Chun Ho

History

Qing Empire
- Name: Tieh Pi (1856–1882); Chun Ho (1882–Unknown);
- Acquired: 1 September 1856

General characteristics (1856–1882, as Tieh Pi)
- Class & type: Gunboat
- Length: 39.62 m (130 ft 0 in)
- Beam: 4.87 m (16 ft 0 in)
- Draught: 1.82 m (6 ft 0 in)

General characteristics (After 1882, as Chun Ho)
- Class & type: Gunboat
- Displacement: 354 long tons (360 t)
- Length: 45.11 m (148 ft 0 in)
- Beam: 7.46 m (24 ft 6 in)
- Installed power: 1 x steam engine; 80 hp (60 kW);

= Chinese gunboat Chun Ho =

Qing Dynasty gunboat, purchased 1856

Chun Ho (鈞和) is an early gunboat of the Qing Dynasty.

==History==
Before her purchase, the ship was named Pu Lu (普魯). She was purchased on 1 September 1856, funded by shipping merchants in Shanghai as a response to an increase in privacy due to the Taiping Rebellion.
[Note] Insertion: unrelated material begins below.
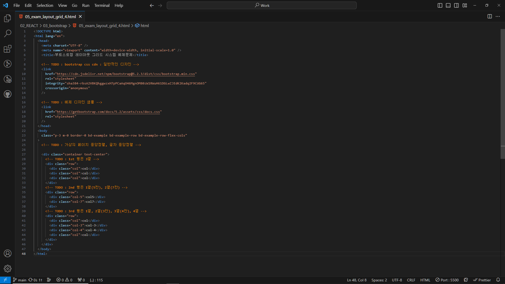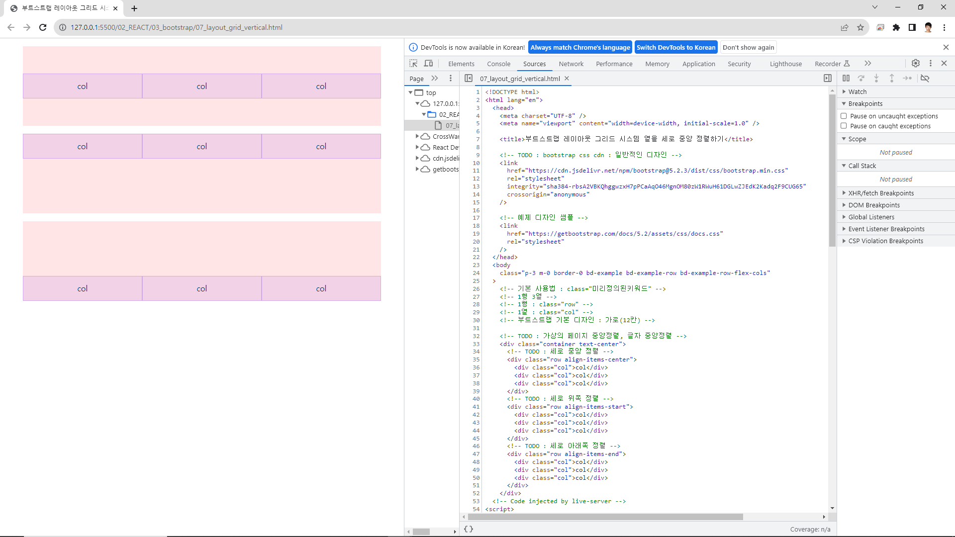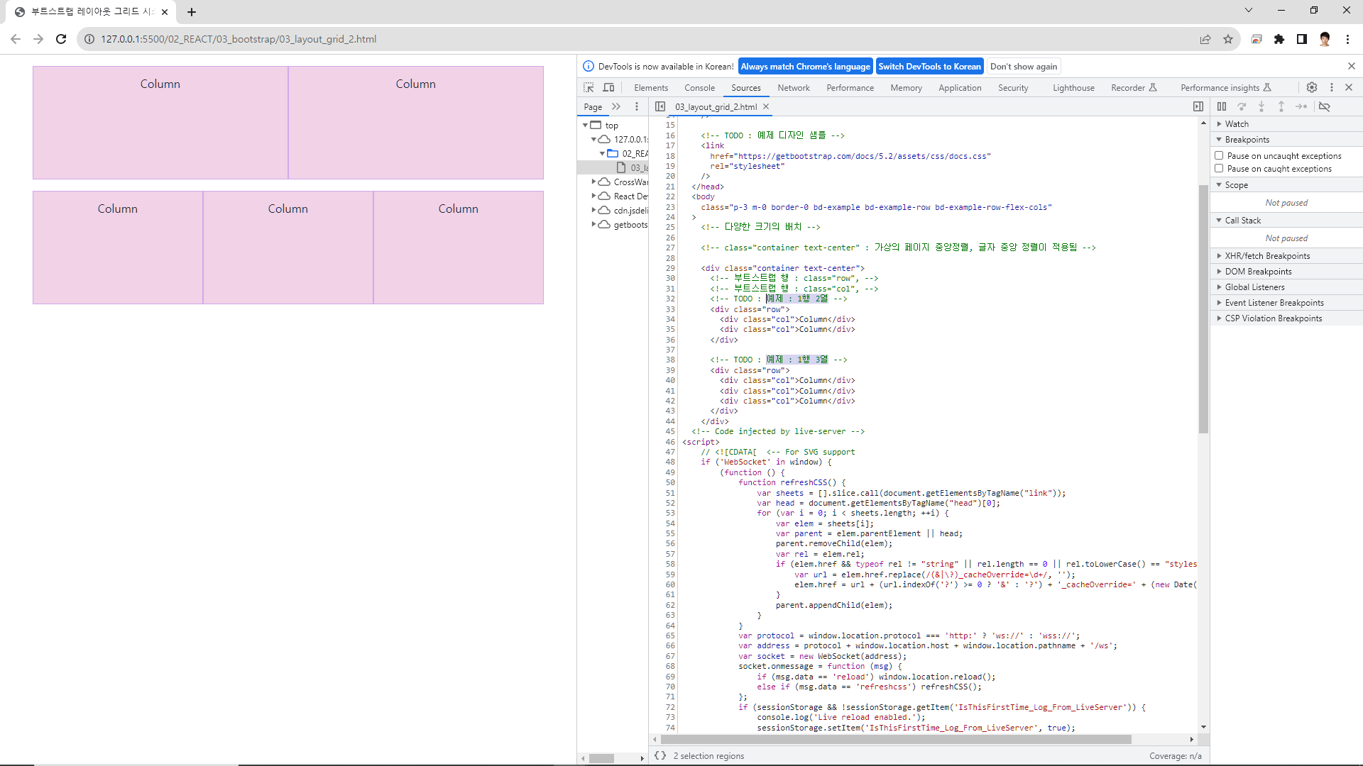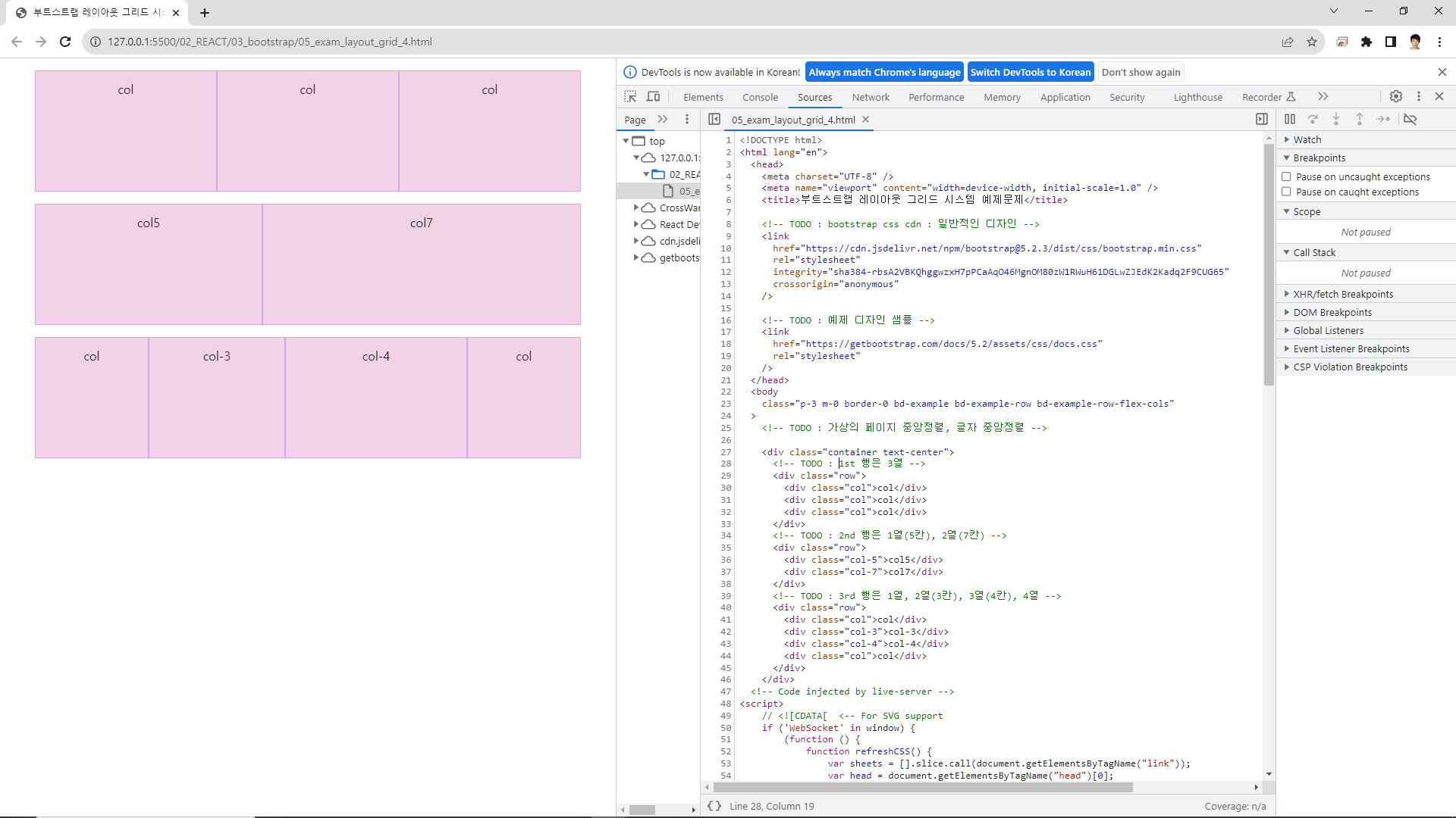 부트스트랩 레이아웃 그리드 시스템 예제문제

She was transferred to Shanghai's Pirate Suppression Bureau, where she was named Tieh Pi (鐵皮 (Iron Skin)) and used as an armed patrol vessel. She was transferred to the Ever Victorious Army, and later transferred back to Governor Li Hongzhang's fleet, where she returned to patrol duties.

In 1882, the ship was refitted with a new hull by the Jiangnan Shipyard and renamed Chun Ho.
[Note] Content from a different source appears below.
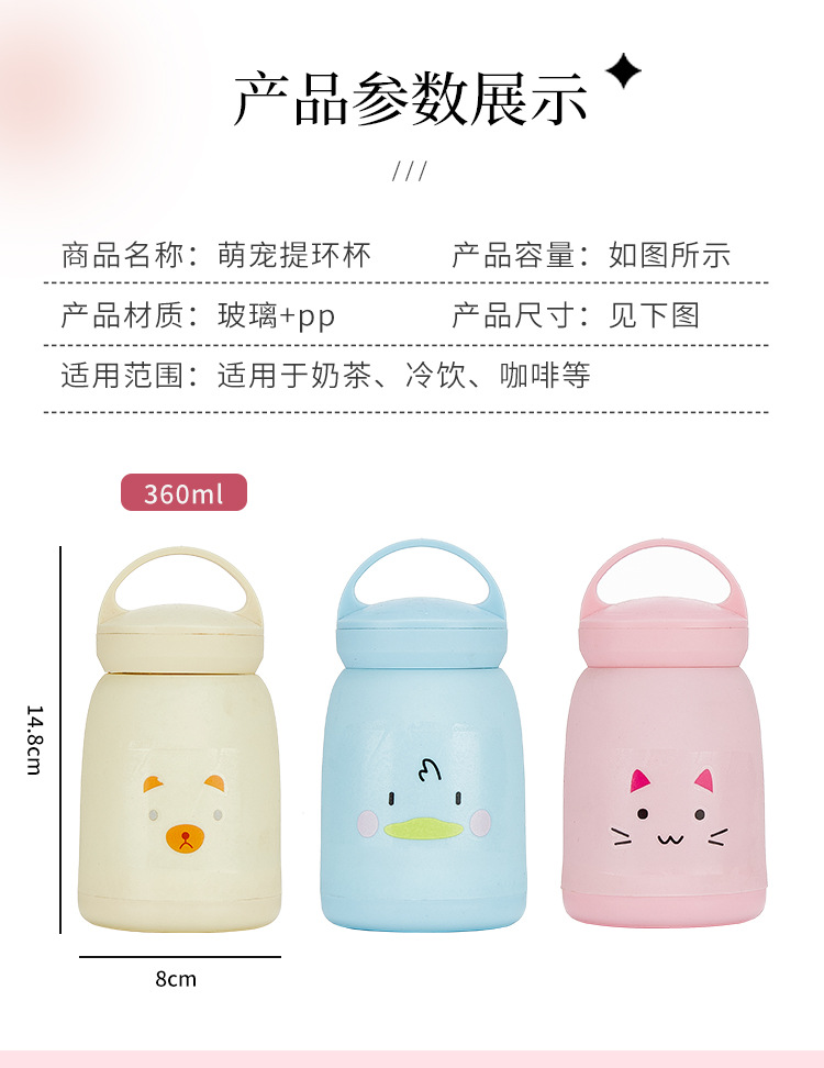 귀여운 물 컵 유리 로고 조각 패턴 뚜껑 휴대용 만화 오프닝 활동 선물 컵 광고 컵스토어 가기

After the Xinhai Revolution of 1911, Chun Ho remained active. She was assigned into Zhili clique warlord Sun Chuanfang's 1st Fleet. In March 1927, she was captured by the National Revolutionary Army as part of their Northern Expedition.

In the 1930s, she was transferred to the Tienlei naval academy. Her further fate is unknown.